Meet the Bounty Hunter Who Is Blowing the Whistle on Medicare

If only huh?
If only huh?

The truth is almost no one in government, with the exception of a very small (but growing) group in Congress, cares about where your tax dollars go. It doesn’t matter. What matters is that the beast is fed, the continents placated with “gifts,” and that the status quo remains the status quo. The folks in Washington, law makers and bureaucracy alike, know that they’ve got a good thing going for themselves.

Consider that roughly half of Americans pay no federal income tax. Consider that many of the people who pay no federal income tax benefit from various government programs which contribute their collective bottom lines. Consider also that many many corporations and other special interests benefit from government programs of one or another sort. Consider that with each year the government becomes more powerful.

No wonder the middle class, which pays a large chunk of the tax bill in this country feels increasingly shafted.

(From The Washington Free Beacon)

The Centers for Medicare and Medicaid Services (CMS) repeatedly handcuffed ACLR, the claims contend. Bureaucrats made their position plain at the outset, telling the company at a February 2011 “kickoff party” that they wanted to “minimize the impact on plan sponsors,” primarily the major pharmacy chains whose powerful benefit managers are key intermediaries in the prescription program. The bureaucrats did not want to recover “too much money,” according to the claims.

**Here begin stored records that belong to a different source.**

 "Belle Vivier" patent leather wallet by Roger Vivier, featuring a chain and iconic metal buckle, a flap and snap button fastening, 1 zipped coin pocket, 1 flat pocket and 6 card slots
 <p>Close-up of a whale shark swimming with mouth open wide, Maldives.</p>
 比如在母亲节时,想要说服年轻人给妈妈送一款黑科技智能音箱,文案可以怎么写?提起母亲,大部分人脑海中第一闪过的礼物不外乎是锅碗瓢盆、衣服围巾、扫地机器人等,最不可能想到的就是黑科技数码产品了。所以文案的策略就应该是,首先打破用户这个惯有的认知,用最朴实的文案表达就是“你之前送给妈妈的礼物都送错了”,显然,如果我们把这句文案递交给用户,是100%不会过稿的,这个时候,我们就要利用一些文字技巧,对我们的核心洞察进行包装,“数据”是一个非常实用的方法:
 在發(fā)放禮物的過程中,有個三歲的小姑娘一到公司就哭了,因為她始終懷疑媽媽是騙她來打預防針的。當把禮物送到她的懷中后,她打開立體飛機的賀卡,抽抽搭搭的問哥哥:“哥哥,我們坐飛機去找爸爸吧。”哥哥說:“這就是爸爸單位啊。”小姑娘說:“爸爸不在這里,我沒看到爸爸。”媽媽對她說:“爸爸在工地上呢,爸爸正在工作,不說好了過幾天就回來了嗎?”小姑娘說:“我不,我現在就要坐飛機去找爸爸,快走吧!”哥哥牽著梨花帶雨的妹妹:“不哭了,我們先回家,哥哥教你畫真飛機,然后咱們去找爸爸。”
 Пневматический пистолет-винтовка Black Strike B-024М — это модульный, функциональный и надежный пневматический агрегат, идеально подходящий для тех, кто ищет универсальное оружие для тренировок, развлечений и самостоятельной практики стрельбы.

During a November 2011 conference call on which ACLR insisted on recovery efforts, a government contracting officer warned company officials darkly, “We all know that’s not in your best interests,” the claim states. And a former ACLR executive said another bureaucrat once screamed at him and left the room rather than discuss the possibility of getting back large sums.

The government would not comment for this article but denies the charges in its response to the motions. Justice Department lawyers in effect sided with the Medicare payees, stating that “plan sponsors expressed concerns over the large number of (prescriptions) misidentified as improper by ACLR.” The matter is currently pending.